8. Base Rent Increases: Option to Extend.
8.1 Sections 21 and 22 of the Lease are hereby deleted in their
entirety.
8.2 Option to Extend.
8.2.1 Terms of Option: Provided (i) Tenant is not in default under the
terms of this Lease at the time this renewal option is exercised or at the
commencement of the Option Term (as hereinafter defined), (ii) Tenant is
occupying at least ninety percent (90%) of the Premises, including the Expansion
Space, and (iii) Landlord has not given more than two (2) notices of default
during the final twelve (12) months of the Revised Lease Term for nonpayment of
monetary obligations, Tenant shall have the option to renew this Lease for an
additional period of sixty (60) months ("Option Term". The Option Term shall be
on all the terms and conditions of this Lease, except that Landlord shall have
no additional obligation for free rent, leasehold improvements or for any other
tenant inducements for the Option Term and Tenant shall have no termination
rights or expansion rights during the Option Term. Base Rent shall be increased
(but not decreased) to one hundred percent (100%) of the fair market rental rate
("Market Rent") as set forth below and the Security Deposit will be increased to
reflect any increase in Base Rent payable under the Lease. There shall be no
additional extension terms beyond the Option Term set forth herein. Tenant must
exercise its option to extend this Lease by giving Landlord written notice of
its election to do so not less than one hundred eighty (180) days prior to the
end of the Revised Lease Term. Any notice not given in a timely manner shall be
void, and Tenant shall be deemed to have waived its extension rights. Except as
provided in Section 16.2 of the Lease pertaining to an assignment to an
Affiliate, the extension option set forth herein is personal to Tenant and shall
not be included in any assignment of this Lease.
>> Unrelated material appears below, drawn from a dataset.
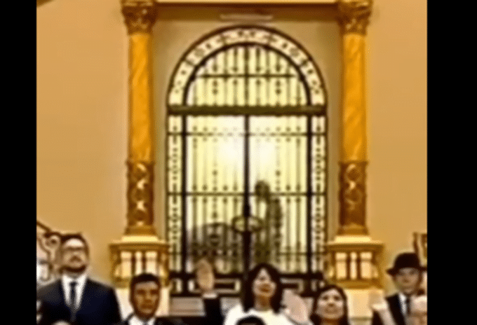 Y fue precisamente en el acto de juramento de los nuevos funcionarios, que se vivió un hecho particular que se ha vuelto viral en redes sociales. Detrás de Castillo y los nuevos ministros, un suceso extraño se podía ver de fondo, pues los cristales reflejaban unas inusuales sombras de una pareja, al parecer, ‘dándose amor’.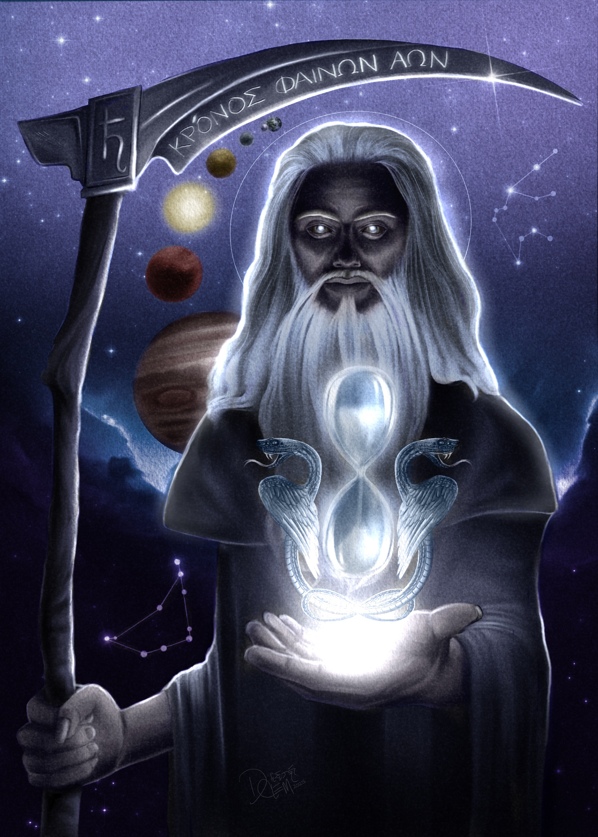 Elements of note: This archon's domain is of time, death, structure and karma. He is holding a scythe with the symbol of Saturn, and his secret names are inscribed on the blade in ancient Greek. Behind him are the other planets/archons in Hellenistic tradition, in the order that the soul goes through before materializing on Gaia. The constellations of the signs he traditionally rules are also in the background (Capricorn and Aquarius). Saturn is the first archon the soul meets to determine the nature and duration of their life path, and when that time is up, the last archon they would meet before returning to their starry source...or trying again.

8.3 Determination of Base Rent During Extension Term.
8.3.1 Agreement on Base Rent. Landlord and Tenant shall have thirty
(30) days after Landlord receives the exercise notice in which to agree on the
Base Rent for the Option Term. Notwithstanding anything set forth herein to the
contrary, in no event shall the Base Rent for the Option Term be less than the
Base Rent in effect immediately prior to the Option Term.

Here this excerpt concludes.